WVBV
- Medford Lakes, New Jersey; United States;
- Broadcast area: Philadelphia, Pennsylvania
- Frequency: 90.5 (MHz) (HD Radio)
- Branding: Hope FM 90.5

Programming
- Format: Christian

Ownership
- Owner: Hope Christian Church of Marlton

History
- First air date: November 2005

Technical information
- Licensing authority: FCC
- Class: B
- ERP: 21,000 watts
- HAAT: 138 meters
- Translators: W209CP (89.7 MHz, Cape May)

Links
- Public license information: Public file; LMS;
- Website: www.hopefm.net

= WVBV =

Christian radio station in Medford Lakes, New Jersey

WVBV or Hope-FM 90.5 is a Christian radio station in Medford Lakes, New Jersey on 90.5 FM. The station's primary focus is teaching the Bible and playing Christian music. The station is owned by Hope Christian Church of Marlton. Many of their teaching programs are produced by Calvary Chapel pastors, although they also run programs from other churches. The music is of the praise and worship variety, which they hope will "lead one into the worship of God without attracting too much attention to the music itself."

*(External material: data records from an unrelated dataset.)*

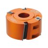 Frézovací hlava se střídavě šikmými zuby, které zaručí mnohem čistší řez i při použití rychlejšího posuvu než u fréz se zuby rovnými. Fréza je osazena 4 předřezovými žiletkami pro precizně odfrézované rohy bez otřepů v polodrážkách či drážkách a 2 uběrací šikmé zuby.
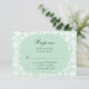 Des flocons de neige délicats dans un motif en dentelle, sur un arrière - plan à la menthe glacée, mettent en valeur cette RSVP de coordination pour la dentelle d'hiver sur Faire-part de mariage de menthe. Il est montré sur le papier de base; cependant, je recommande le poids et la texture du papier de lin, ou la finition brillante du papier de glace métallique pour l'impression.
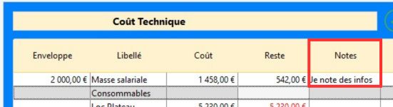Info : Chaque cellule "Note" est limité à 50 caractères.
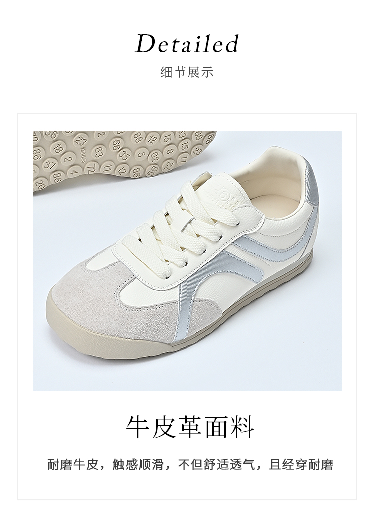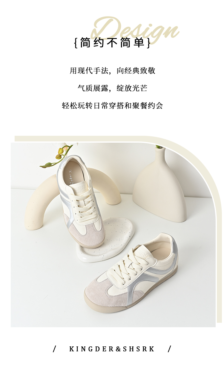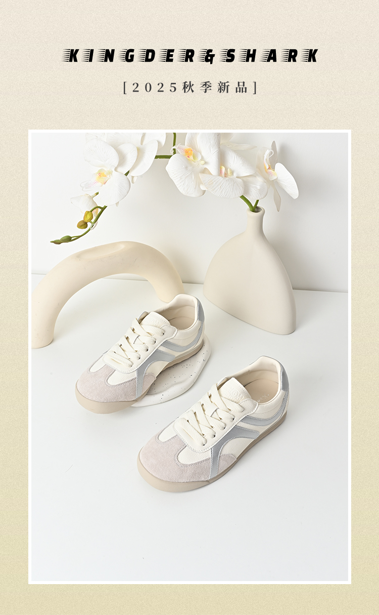 经典鲨2025秋专柜款牛皮革时尚拼色系带潮流休闲鞋阿甘鞋女KW313-537091
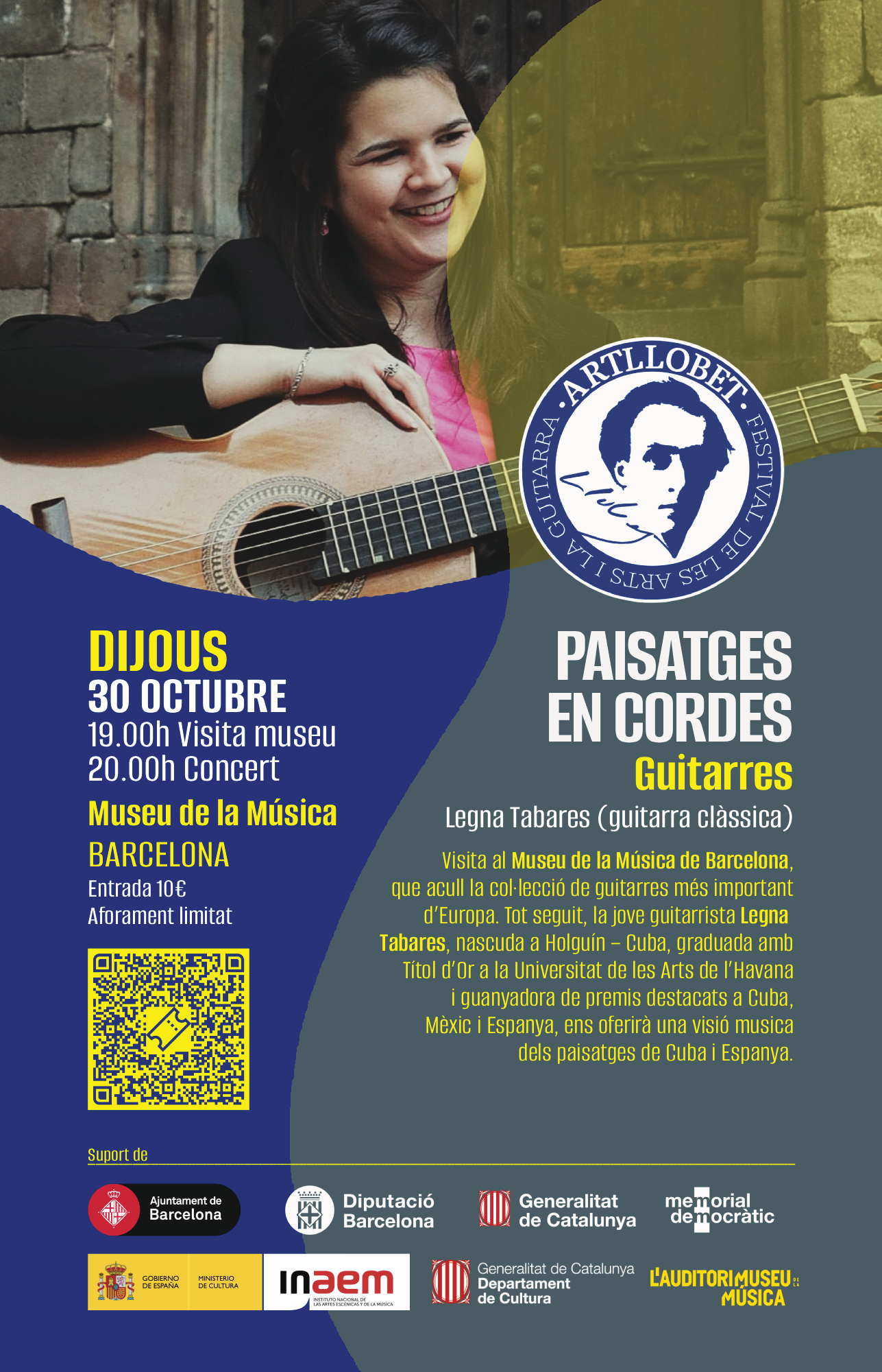 Visita al Museu de la Música de Barcelona, que acull la col·lecció de guitarres més important d’Europa. Tot seguit, la jove guitarrista Legna Tabares, nascuda a Holguín – Cuba, graduada amb Títol d’Or a la Universitat de les Arts de l’Havana i guanyadora de premis destacats a Cuba, Mèxic i Espanya, ens oferirà una visió musical dels paisatges de Cuba i Espanya.

WVBV is simulcast on Class A radio stations WRSM 89.1 FM, licensed to Rising Sun, Maryland WWFP 90.5 FM, licensed to Brigantine, NJ and WZBL 88.1 FM, licensed to Barnegat Light, NJ. WZBL transmits with a power of 100 watts from the High Bar Harbor section of Long Beach Township.

==History==
Calvary Chapel of Marlton began to look into the process for obtaining an FM radio station in 1995, after hearing Chuck Smith of Calvary Chapel Costa Mesa discuss how pleased he was with their station, KWVE-FM. The effort took more than 10 years and bore fruit in November 2005 when WVBV went on the air with 21,000 watts on 90.5 FM. In 2006, they began airing The AltarLife which features Brent Hughes and Geoff Desiato on Saturday and Sunday evenings from 9pm to 11pm. The show, originally created exclusively for HOPE FM, marked the first time that the station produced original programming, which resulted in the station becoming the top rated Christian station on the weekends among teens in the Philadelphia market. During its run, HOPE FM introduced the show to several other radio stations around the United States, which led to it being heard in Tennessee, Missouri, Oklahoma, as well as several other locations up and down the East Coast. On July 7, 2013, the final episode of The AltarLife aired, nearly 7 years to the day after its pilot originally aired.